Ultrahigh birefringent nonlinear silicon-core microfiber with two zero-dispersion wavelengths

Abstract

A simple silicon-core microfiber has been proposed to simultaneously achieve an ultrahigh birefringence order of 10−1, a large nonlinear coefficient, and two zero-dispersion wavelengths. The full-vector finite-element method with a circular perfectly matched layer boundary is used to simulate the properties of our proposed microfiber. It is suitable to achieve two zero-dispersion wavelengths of ∼1280 and ∼1817 nm for the x-polarized HE11 mode and of ∼1293 and ∼1695 nm for the y-polarized HE11 mode, when the major and minor diameters are, respectively, ∼1.05 and ∼0.315 μm, and the radius of the silicon core is about 135.35 nm.
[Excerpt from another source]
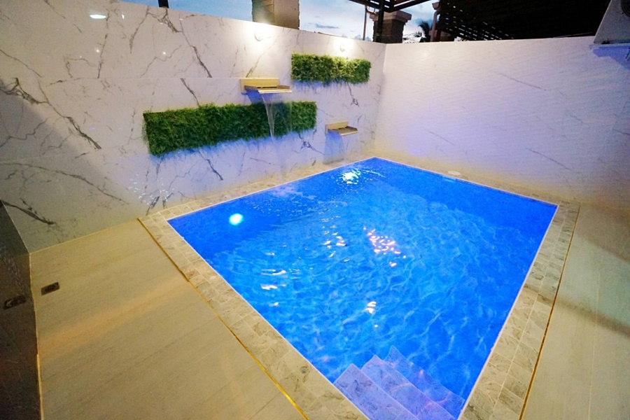 - สระว่ายน้ำส่วนตัวขนาด 4×3 x 1.2m ระบบเกลือ
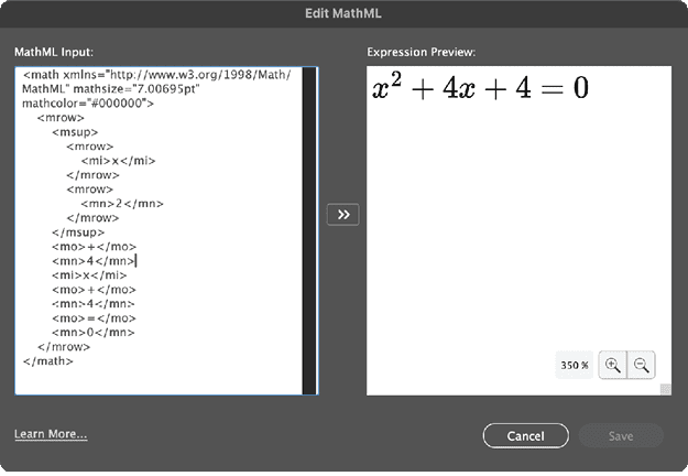 Because MathML is XML-based, you can edit the objects to revise the expression, fix a typo, or change the type size or fill color. Also, because MathML produces vectors, the object can be resized with no loss of resolution.

Meanwhile, the nonlinear coefficients of two nondegenerated HE11 modes at the wavelength of 1550 nm are ∼17.42 and ∼33.77 W−1 m−1, respectively, and the maximum birefringence is about ∼0.24 at 1550 nm wavelength. Therefore, our proposed silicon-core microfiber exhibits excellent polarization and nonlinearity performance, which enables it to be used for polarization-maintaining nonlinear signal processing, such as supercontinuum spectrum generation, parametric amplification, optical nonlinear sensor, and so on.